Hoffman suggested that things were still OK somewhere out in cinema-land: despite Michael Bay movies making billions and mediocrities winning Oscars, truly great, meaningful acting in the classic sense could be enjoyed no further away than his next movie, and he made a lot of them. I've never seen him do a poor performance, in fact I've never seen him do anything but a completely memorable performance. In several cases, Hoffman's screen time contribute the only thing memorable about a movie.

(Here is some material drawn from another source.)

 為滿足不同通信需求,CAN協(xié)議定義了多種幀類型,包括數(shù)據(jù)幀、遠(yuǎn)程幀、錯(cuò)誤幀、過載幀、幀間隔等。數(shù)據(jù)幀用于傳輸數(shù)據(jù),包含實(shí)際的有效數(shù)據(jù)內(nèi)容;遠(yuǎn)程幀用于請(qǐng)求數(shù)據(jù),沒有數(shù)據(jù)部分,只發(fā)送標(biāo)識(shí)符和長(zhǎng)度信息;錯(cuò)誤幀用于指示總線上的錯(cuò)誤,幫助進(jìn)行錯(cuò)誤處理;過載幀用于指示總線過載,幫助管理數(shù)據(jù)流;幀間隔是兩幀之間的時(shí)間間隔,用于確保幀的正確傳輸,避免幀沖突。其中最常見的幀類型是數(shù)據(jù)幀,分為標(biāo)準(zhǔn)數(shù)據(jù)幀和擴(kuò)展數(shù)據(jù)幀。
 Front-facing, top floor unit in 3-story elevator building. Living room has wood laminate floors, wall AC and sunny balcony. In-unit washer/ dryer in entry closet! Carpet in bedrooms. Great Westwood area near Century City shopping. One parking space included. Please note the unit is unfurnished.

Even in his first role worth mentioning, as a repulsive little brat in "The Scent Of A Woman" you took notice of him, because he played the part so perfectly that it seemed to belong in another movie than a lazy Al Pacino vehicle. 

At 46, with a career that had only lasted 20 years, there is no doubt that Hoffman had many great roles in front of him, perhaps his best ones. Those we will never get to see. This is bad, in fact it's fucking terrible.

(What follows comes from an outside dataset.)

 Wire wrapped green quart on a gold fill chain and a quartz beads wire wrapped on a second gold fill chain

To end on a brighter note, here are two movies you've probably not yet seen that are both quite good and very different; P T Anderson's rarely discussed "Hard Eight" has a memorable Hoffman bit part as a local gambler with a big mouth, while "Owning Mahowny" is one of his relatively few leading parts, a white collar criminal gambler (again!) wonderfully underplayed.

PS  I checked Hoffman's bio to verify a couple of things and discovered to my amazement that we were born the same day. Not just the same date, but on exactly the same day back in the Summer Of Love. Not sure what to make of this calendaric overlap, but it seems like an honor.